## Supplied data
[Start of section]
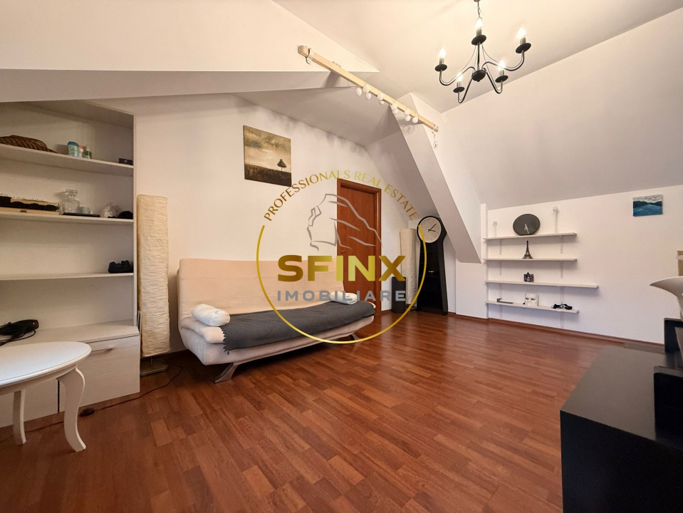 Mansarda: 2 camere, baie, bucatarie; suprafatatotala 49 mp
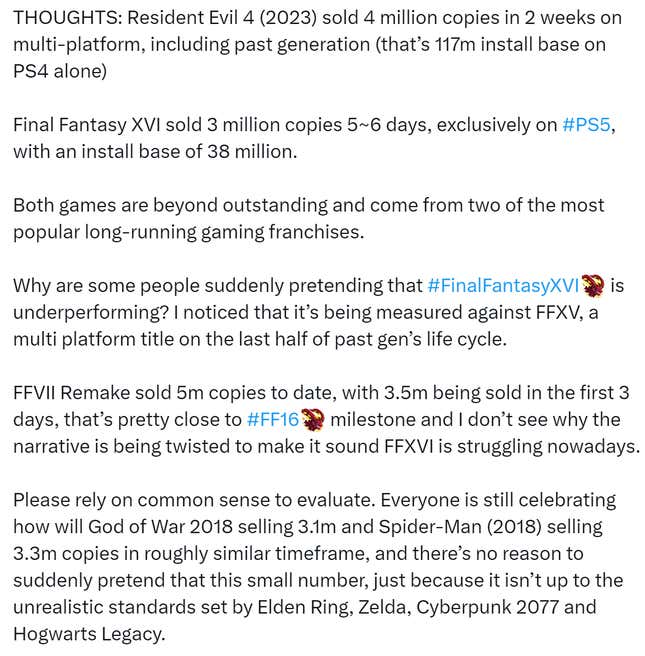 I find it really disingenous how people are saying this one’s not a real Final Fantasy because it’s an action/RPG hybrid, as if one of the most acclaimed games in the series isn’t an isometric tactics game, and two of the numbered entries aren’t MMOs. Final Fantasy isn’t defined by picking your party’s attack commands… Read more
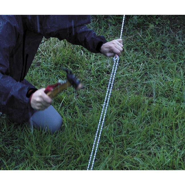 タープ、テントに最も多く採用している2穴アルミ製自在です。穴の縁で確実にロープに食いつきます。
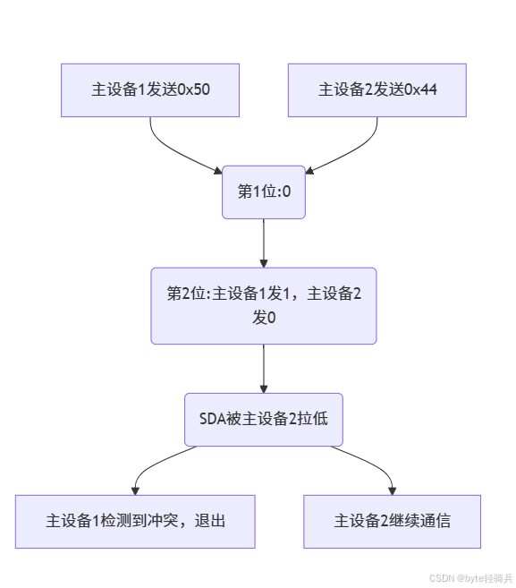 - 软件实现仲裁:主设备在发送每一位后,读取 SDA 的实际电平,与自己发送的位比较;
[End of section]
## Your task
Once the pictures are set aside, output the whole listing exactly.

## Written answer
 Mansarda: 2 camere, baie, bucatarie; suprafatatotala 49 mp
 I find it really disingenous how people are saying this one’s not a real Final Fantasy because it’s an action/RPG hybrid, as if one of the most acclaimed games in the series isn’t an isometric tactics game, and two of the numbered entries aren’t MMOs. Final Fantasy isn’t defined by picking your party’s attack commands… Read more
 タープ、テントに最も多く採用している2穴アルミ製自在です。穴の縁で確実にロープに食いつきます。
 - 软件实现仲裁:主设备在发送每一位后,读取 SDA 的实际电平,与自己发送的位比较;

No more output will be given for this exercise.